Human visual processing as revealed by magnetoencephalography

This chapter begins with a brief overview of the human visual system through an introduction of magnetoencophalographic (MEG) studies. Studies using MEG to examine the striate cortex, dorsal pathway, and ventral pathway are described in subsequent. sections. First, the MEG responses from the primary visual cortex are discussed. Emphasis is placed on the fact that even the first response component peaking at around 100 ms could originate from the extrastriate cortex in addition to the striate cortex; inducing a response from the primary visual cortex alone is difficult, unlike the somatosensory and auditory cortices.
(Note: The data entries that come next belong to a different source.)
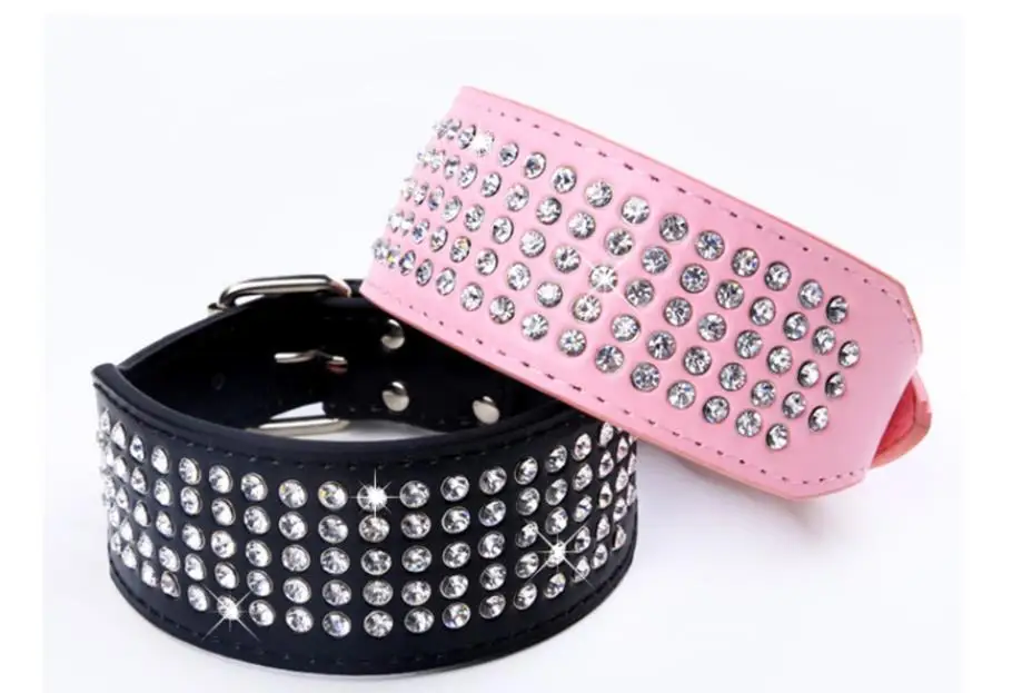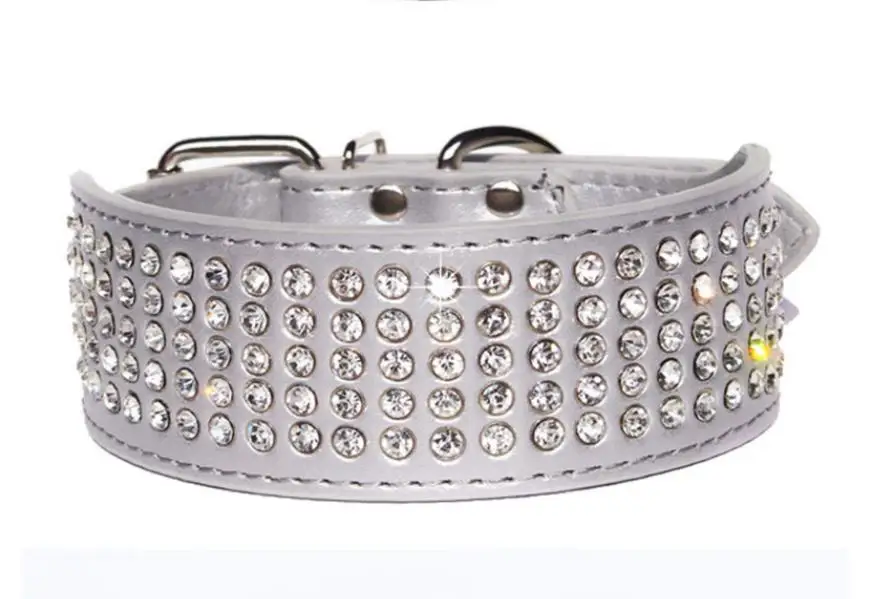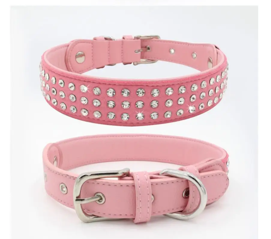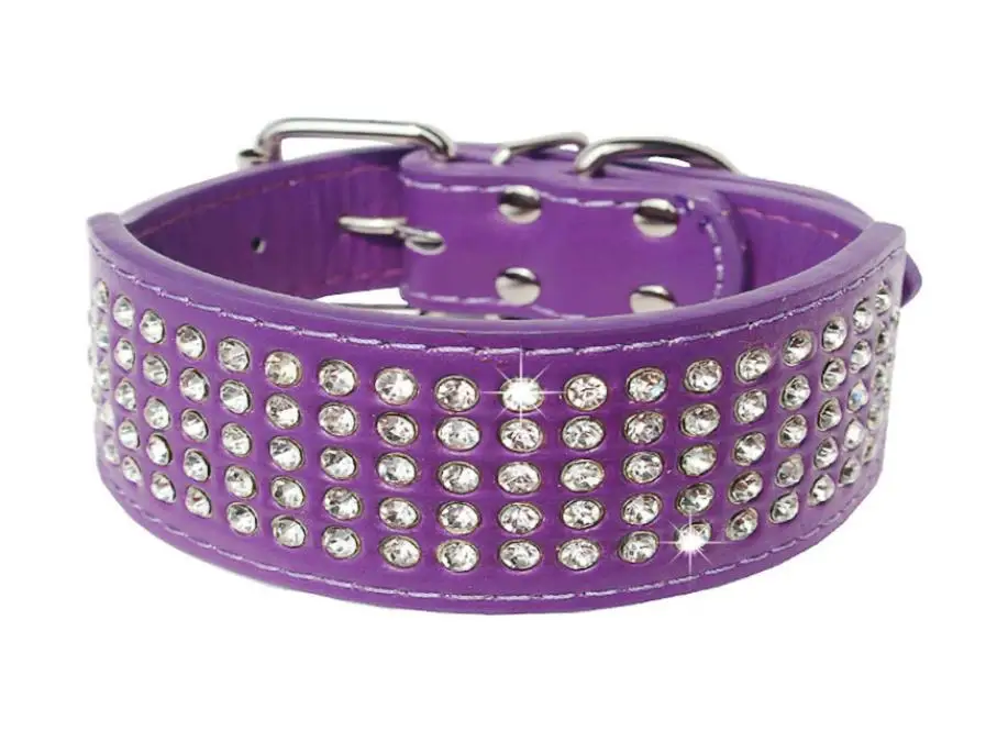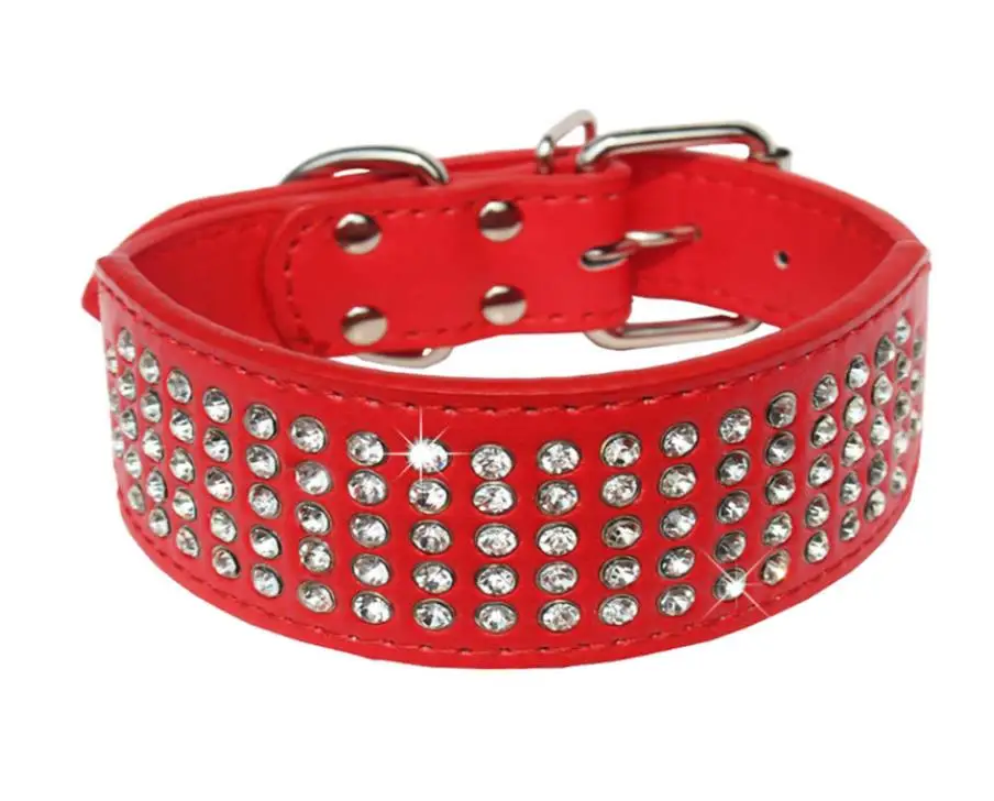 Three Rows Diamonds Pet Collar Leash Training Dog Pulling Rope Pet Neck Chain Pet Supplies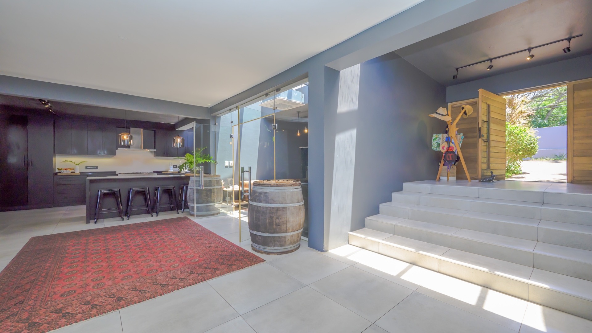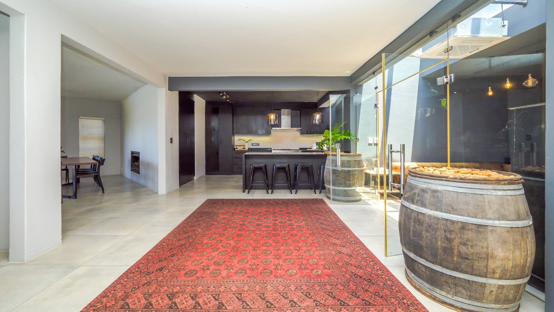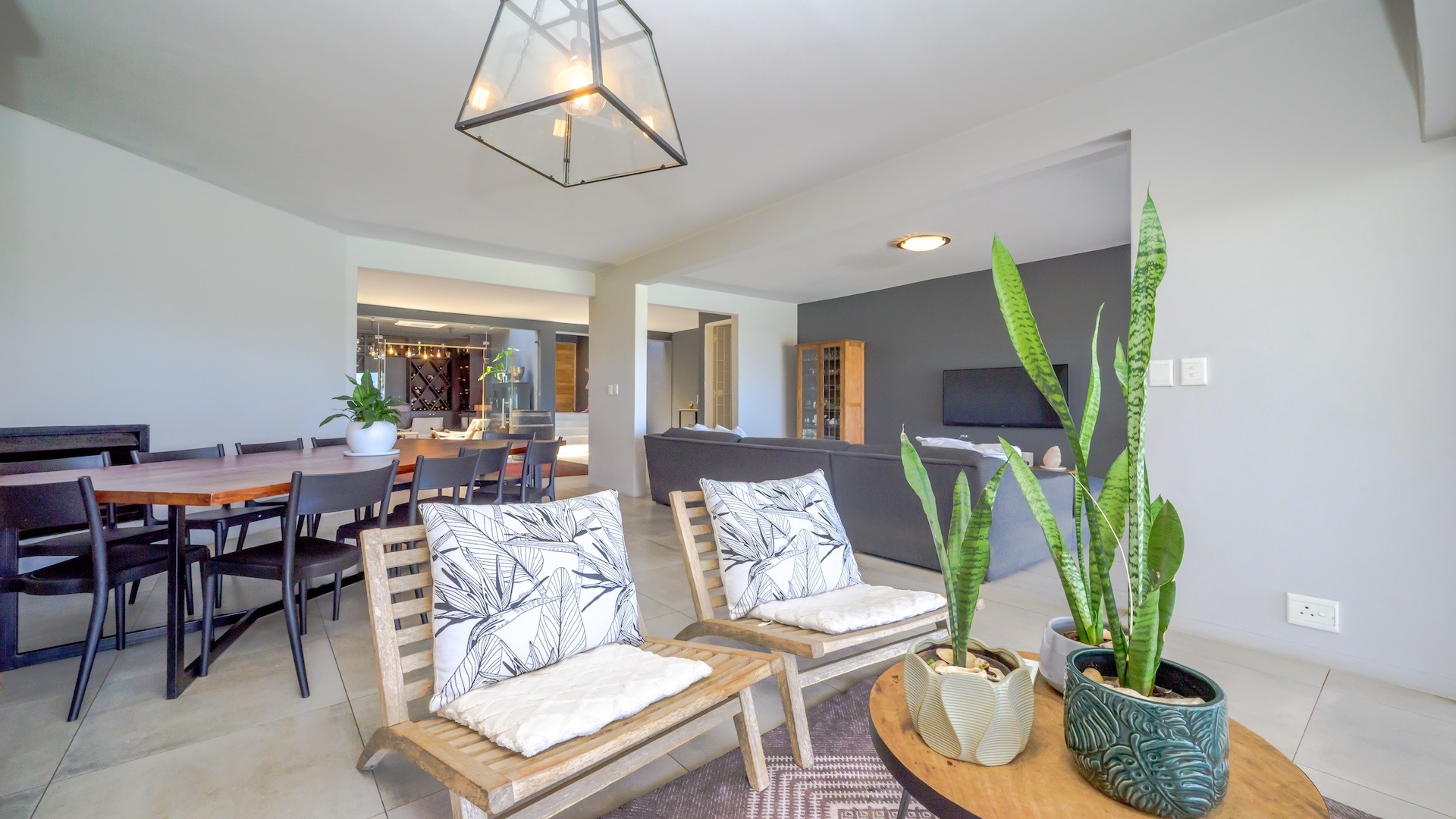 The home boasts a light-filled open-plan living, dining, and kitchen area which flow effortlessly together, creating a spacious and inviting atmosphere. The expansive covered patio is perfect for year-round entertaining, while the elegant wine cellar doubles as an intimate second lounge. The home features four generous bedrooms and three stylish bathrooms, including two luxurious en-suites. A separate guest loo is an added feature.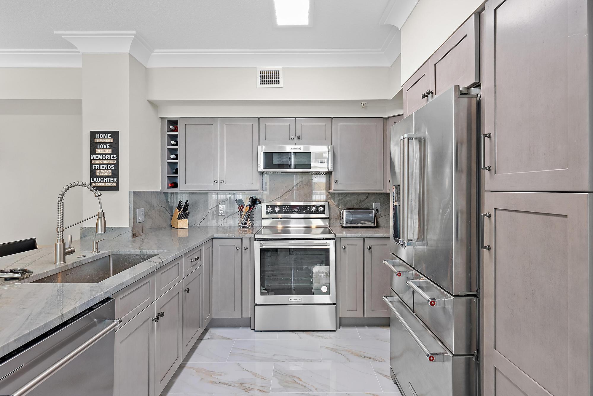 Experience the best of waterfront living in this beautifully updated corner unit located in the highly desirable Marina Village community. This spacious condo features (2) ensuites, (2) side-by-side covered garage parking spaces, perfect for the executive or seasonal lifestyle. Just steps from the marina & (2) popular seafood & bar waterfront restaurants. Location offers unbeatable convenience & coastal charm. 2024/25 renovations throughout the unit, ceramic 36x16 tiled flooring runs through main living areas, while the bedrms offer LVP flooring, thick baseboards, trim & crown molding add a high-end feel, custom ceiling fans & lighting fixtures, the kitchen is designed for both style & function, w/quartz countertops w/waterfall edge, custom cabinetry & matching SS appliances.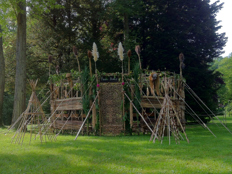 Il en est de même pour la structure délimitant l'espace destiné à accueillir l'aire de jeu et le public : un théâtre végétalisé en forme d'arène, composé de piquets solidarisés par du tressage de bois, vannerie, cordages et végétaux.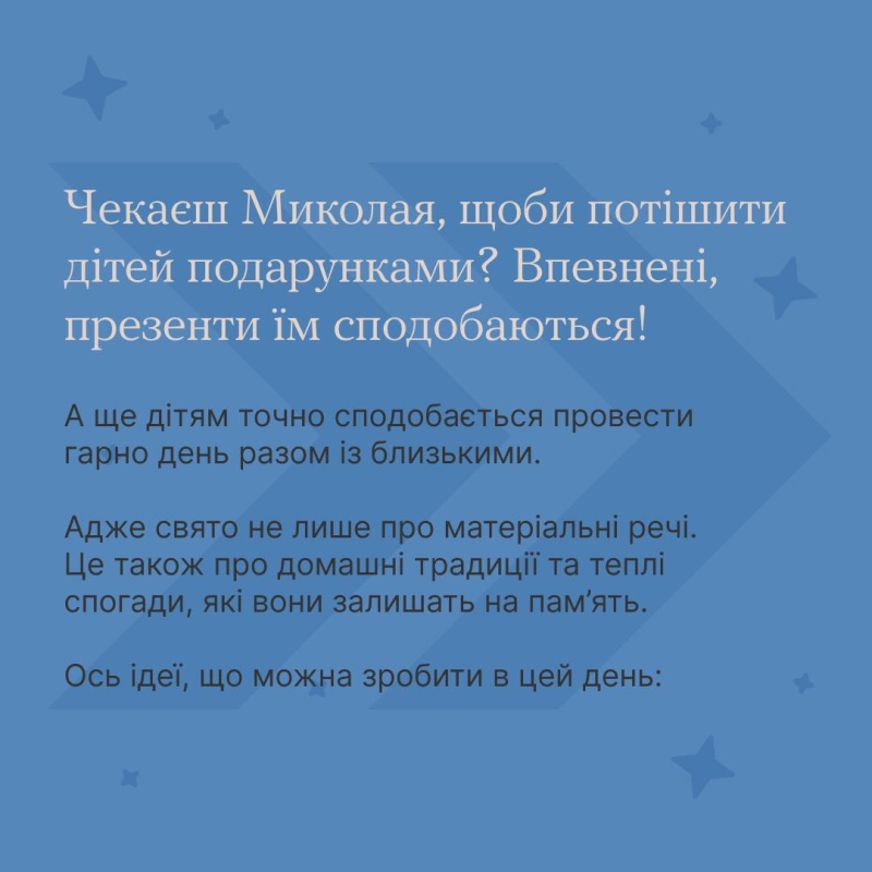 Щоби нагадати — День святого Миколая не лише про подарунки. Це можливість розповісти дітям про добрі справи та навчити робити їх. Можливість провести час якісно і так, що враження про нього залишаться на усе життя.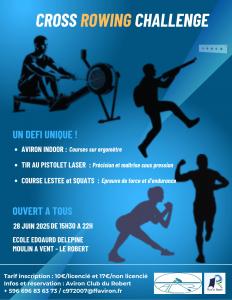 L’Aviron Club du Robert a le plaisir de vous inviter à la première édition du Cross Rowing Challenge, qui se tiendra le Samedi 28 juin 2025 à 15h30 à l'École Édouard DELEPINE de Moulin à Vent.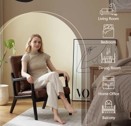 Accent Chair Mid Century Modern Armchair with Lumbar Support Pillow Wood Legs PU Leather Upholstered Lounge Chairs Comfy High Back Cushion for Living $100Montclair, CA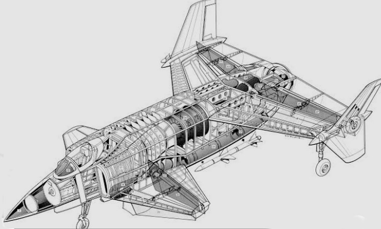 In July 1977 the XFV-12A was officially revealed. It had the looks. The aircraft was 43 feet long and had a wingspan of 28 feet. At 10 feet tall, empty it weight 13,800 lb, with a gross weight of 19,500 lb. It used a special wing design that increased lift by directing exhaust through openings in the wings, similar to how venetian blinds work. This design limited the ability to carry weapons to areas under the narrow fuselage and two missile mounts on the wings.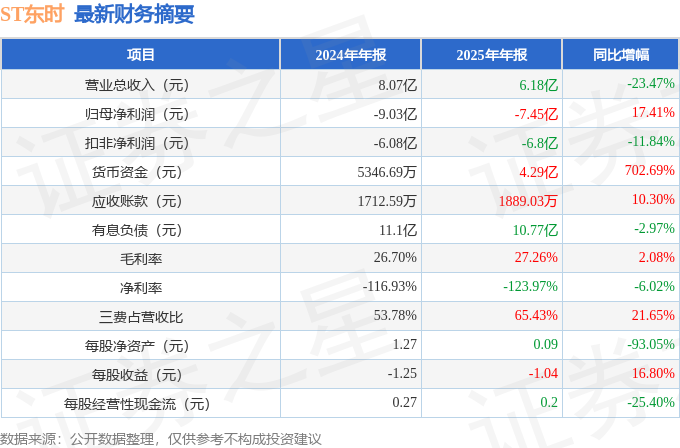 据证券之星公开数据整理,近期ST东时(603377)发布2025年年报。截至本报告期末,公司营业总收入6.18亿元,同比下降23.47%,归母净利润-7.45亿元,同比上升17.41%。按单季度数据看,第四季度营业总收入1.21亿元,同比下降19.26%,第四季度归母净利润-6.43亿元,同比上升18.99%。本报告期ST东时短期债务压力上升,流动比率达0.27。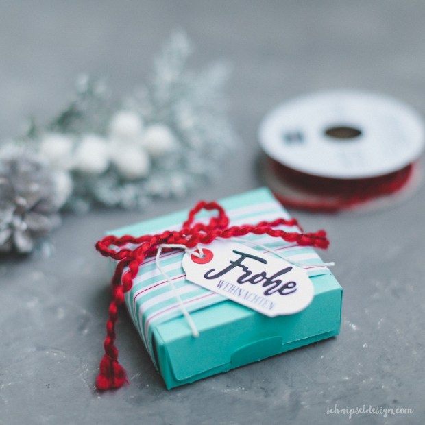 Ich hab dem „Frohes“ aus den Stanzformen Wunschworte wieder das „s“ abgeschnitten und es gemeinsam mit dem Stempel auf das Etikett gebracht.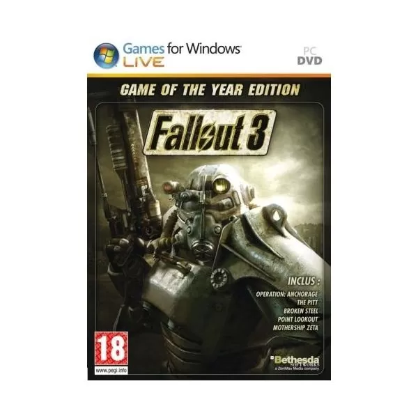 Pachetul Fallout 3 Game of the Year Edition va propune la un pret foarte bun intreaga experienta Fallout 3 continuta in jocul original plus cele 5 add-on-uri ce i-au urmat: Operation Anchorage, The Pitt, Broken Steel, Point Lookout si Mothership Zeta. De mentionat este faptul ca ultimul nu a aparut pana acum decat in format digital downladabil.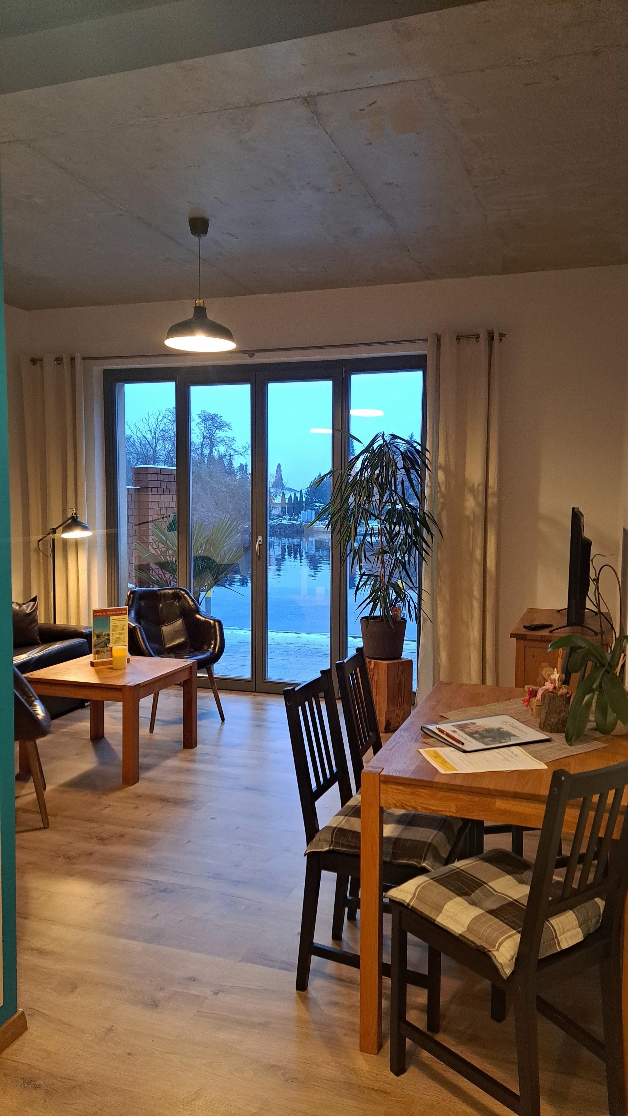 Der Wohnbereich ist mit einer Schlafcouch mit integrierter Matratze (Express-Bett), einem Eßbereich sowie einem Garderobenbereich und Kabel-TV ausgestattet. Von hier gelangt man auf die direkt am Wasser gelegene Terrasse.

Second, we show that various visual motion stimuli evoke responses from cortical regions in the dorsal pathway, including MT/V5+. Detailed analysis of response properties reveals: 1) the role of MT/V5+ in the perception of apparent motion; 2) representation of the spatio-temporal gradient detection mechanisms in the human brain; and 3) spatial integration of speed information independent of direction information. Scalar fields theory is introduced as a mechanism for the detection of complex motions, such as the transparency of two incoherent motions with different speeds. Third, the role of the ventral pathway is discussed with reference to our recent MEG studies. Physiological evidence of a restricted locus in the human brain that processes visual shape irrespective of differences in visual cues is shown. We confirmed involvement of the interior and lateral temporal areas for the neural processing of face perception. Comparing responses to inverted and upright images of faces revealed the exclusive role of the right hemisphere in holistic processing of the normal upright face configuration.